2 - A promulgação da Carta Política de 1988 apenas veio reforçar, na ordem jurídica brasileira, a previsão já existente da reparação por dano moral. Encontrava-se a indenização contemplada na regra geral constante do art. 159 do Código Civil de 1916.
Daí o verbete Sumular nº 37 desta Casa, que não deixa dúvida alguma a respeito: “São cumuláveis as indenizações por dano material e dano moral oriundos do mesmo fato”.
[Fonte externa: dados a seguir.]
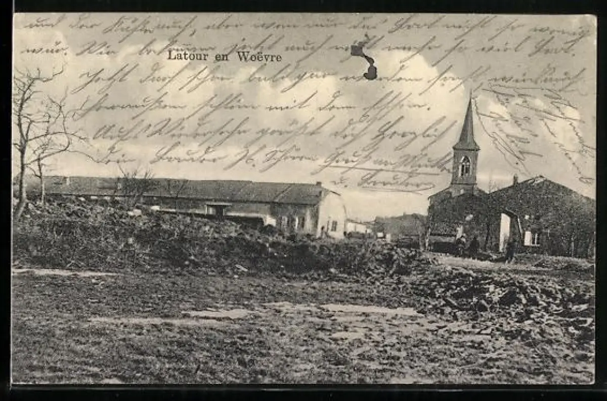 AK Latour en Woëvre, Vue de l`église et des bâtiments environnants en hiver
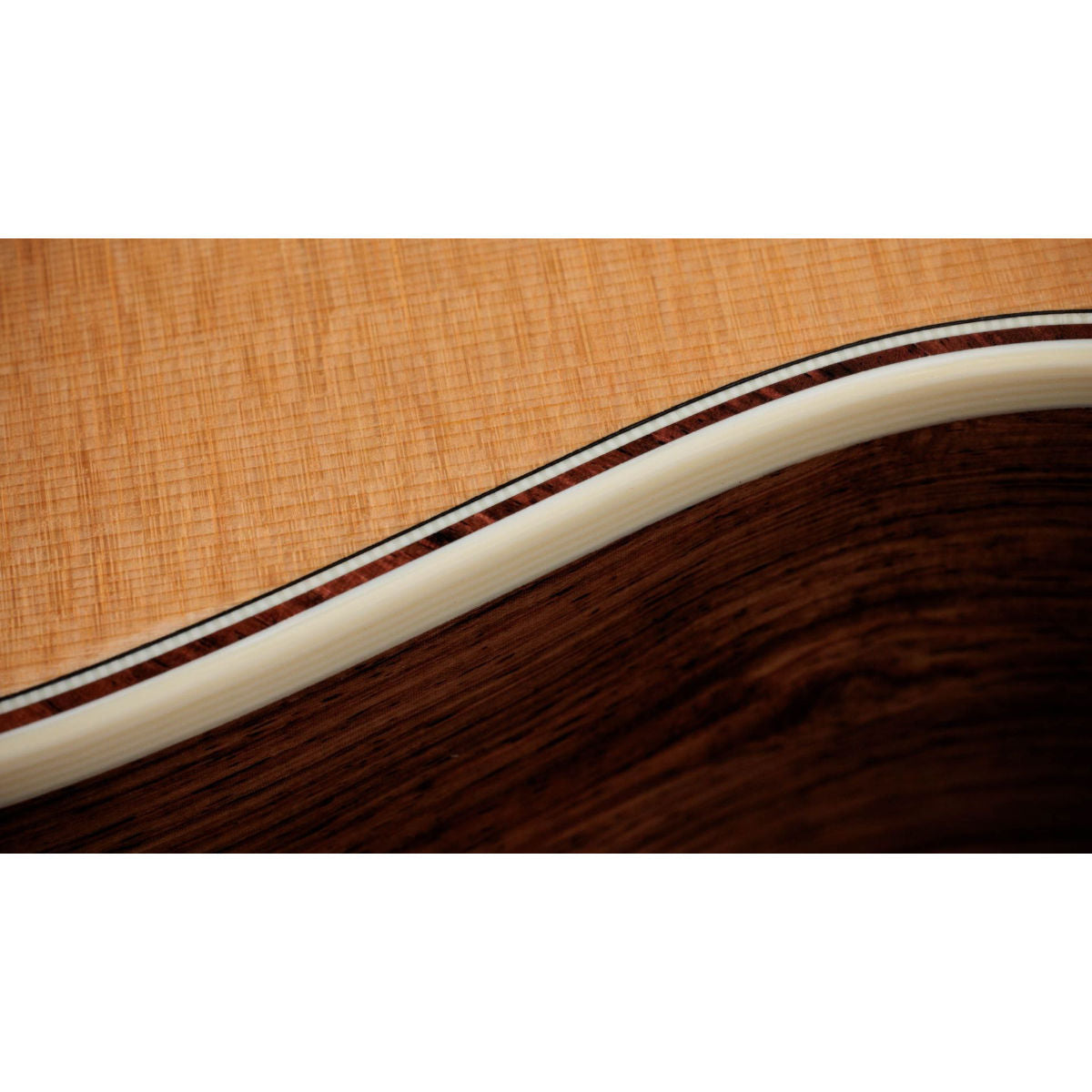 Super Auditorium Body: Building on the versatility, balance and clarity that players have come to love from Bob Taylor’s Grand Auditorium body shape, consider the Super Auditorium an evolution of that playing experience that incorporates all the benefits of the V-Class bracing architecture developed by Andy Powers. With curves and contours that draw on Bob’s design but with a slightly longer body and wider lower bout, the Super Auditorium will feel familiar while adding a new sonic dimension inspired by guitars from the 1930s and ’40s. With a focus on warmth, the Super Auditorium produces an open, blooming voice that produces room-filling tone with a light touch while gaining power as you dig in. Inside, a fanned V-Class variant enhances the depth and resonance, enhancing the volume and sustain while ensuring pitch accuracy all the way up the neck.

Descabida, pois, a distinção feita pelo acórdão combatido segundo o qual a cumulação por danos material e moral somente era admissível em favor da própria vítima.
A jurisprudência do Superior Tribunal de Justiça é inequívoca a respeito. Quando do julgamento do REsp nº 232.103-SP, Rel. Min. Ruy Rosado de Aguiar, esta Quarta Turma decidiu com base na seguinte ementa:
“Responsabilidade Civil. Dano moral. Fato anterior a 1988.
“A indenização pelo dano moral pode ser deferida por fato ocorrido antes da Constituição de 1988, pois já antes dela o nosso ordenamento legal admitia a responsabilidade civil do causador de dano extrapatrimonial.
“Recurso conhecido e provido”.
Nesses termos, ao excluir a indenização por dano moral na espécie, o julgado recorrido afrontou a norma inserta no art. 159 do CC/1916.
A prova da ocorrência do dano moral está na existência do fato (in re ipsa). Confira-se a respeito o REsp nº 153.155-SP, também de relatoria do Min. Ruy Rosado de Aguiar. Nem se alegue, como o faz a recorrida, que os co-autores C., C. e F., por serem menores impúberes, não sentiram dor alguma pela perda do progenitor. Tal assertiva equivale a dizer que os referidos autores seriam desprovidos de personalidade jurídica, o que contraria não só a Lei Maior (art. 5º, caput), como também o art. 2º do Código Civil de 1916 (art. 1º do vigente Código Civil).
3 - Devida a reparação pelo dano moral suportado pelos co-autores incapazes, o seu quantum é de ser determinado preponderantemente em face dos seguintes elementos:
I - A situação pessoal dos ofendidos;
II - o porte econômico da ofensora;
III - a intensidade do constrangimento ou da dor e o grau da culpa.
Se, de um lado, pode ser tida como grave a natureza da lesão sofrida pelos demandantes menores impúberes, de outro, cabe levar em conta a situação econômica da ré, que não se apresenta como uma das maiores empresas do setor de transporte no País. Impende, pois, estabelecer o importe da condenação com a qual tenha ela condições de arcar.
Daí por que se considera razoável arbitrar a indenização pelo dano moral, na hipótese vertente, em quantia equivalente a cem salários mínimos para cada um dos três demandantes menores, isto é, R$ 30.000,00 (trinta mil reais) para cada um, num total de R$ 90.000,00 (noventa mil reais).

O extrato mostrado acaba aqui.